## Activity
Among the entries below, extract exactly the lines that run from the one with "前方 2,400円 / 一般 400円 / 当日+500円(+1D)" through the one with "Battle (Open) | ||", both ends included.

## Provided data
"""

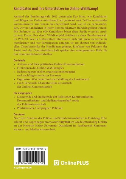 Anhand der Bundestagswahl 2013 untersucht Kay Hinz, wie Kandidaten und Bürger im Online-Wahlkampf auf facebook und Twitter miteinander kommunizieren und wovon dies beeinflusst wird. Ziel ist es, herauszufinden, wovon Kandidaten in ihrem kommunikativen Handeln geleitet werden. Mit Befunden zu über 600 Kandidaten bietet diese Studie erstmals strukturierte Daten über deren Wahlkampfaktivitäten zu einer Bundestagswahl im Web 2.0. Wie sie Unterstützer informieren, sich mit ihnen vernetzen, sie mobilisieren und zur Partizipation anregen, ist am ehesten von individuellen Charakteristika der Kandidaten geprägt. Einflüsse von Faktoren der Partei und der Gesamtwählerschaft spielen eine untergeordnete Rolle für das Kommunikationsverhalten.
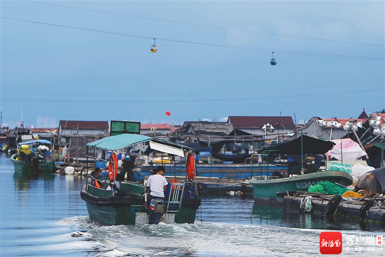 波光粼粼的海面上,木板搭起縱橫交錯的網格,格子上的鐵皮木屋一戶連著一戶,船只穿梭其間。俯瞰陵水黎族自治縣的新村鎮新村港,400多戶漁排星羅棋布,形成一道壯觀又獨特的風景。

"""
"""

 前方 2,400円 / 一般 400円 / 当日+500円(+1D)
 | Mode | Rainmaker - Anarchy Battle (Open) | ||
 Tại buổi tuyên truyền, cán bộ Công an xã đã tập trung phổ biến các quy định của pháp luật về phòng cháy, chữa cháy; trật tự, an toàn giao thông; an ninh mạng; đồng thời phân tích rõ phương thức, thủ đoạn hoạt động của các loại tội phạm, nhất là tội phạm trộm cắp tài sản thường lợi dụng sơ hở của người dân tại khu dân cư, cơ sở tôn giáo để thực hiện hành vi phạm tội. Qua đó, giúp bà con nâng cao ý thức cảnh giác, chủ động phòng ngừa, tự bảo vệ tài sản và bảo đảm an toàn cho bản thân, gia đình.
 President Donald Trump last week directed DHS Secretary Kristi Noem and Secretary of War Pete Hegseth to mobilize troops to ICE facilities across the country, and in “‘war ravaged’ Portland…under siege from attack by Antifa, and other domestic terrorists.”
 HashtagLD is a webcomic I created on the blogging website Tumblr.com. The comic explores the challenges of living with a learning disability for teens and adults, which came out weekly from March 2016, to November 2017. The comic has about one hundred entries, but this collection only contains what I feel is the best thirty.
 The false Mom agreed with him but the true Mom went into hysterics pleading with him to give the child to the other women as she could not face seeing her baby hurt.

"""

## Result of the task
 前方 2,400円 / 一般 400円 / 当日+500円(+1D)
 | Mode | Rainmaker - Anarchy Battle (Open) | ||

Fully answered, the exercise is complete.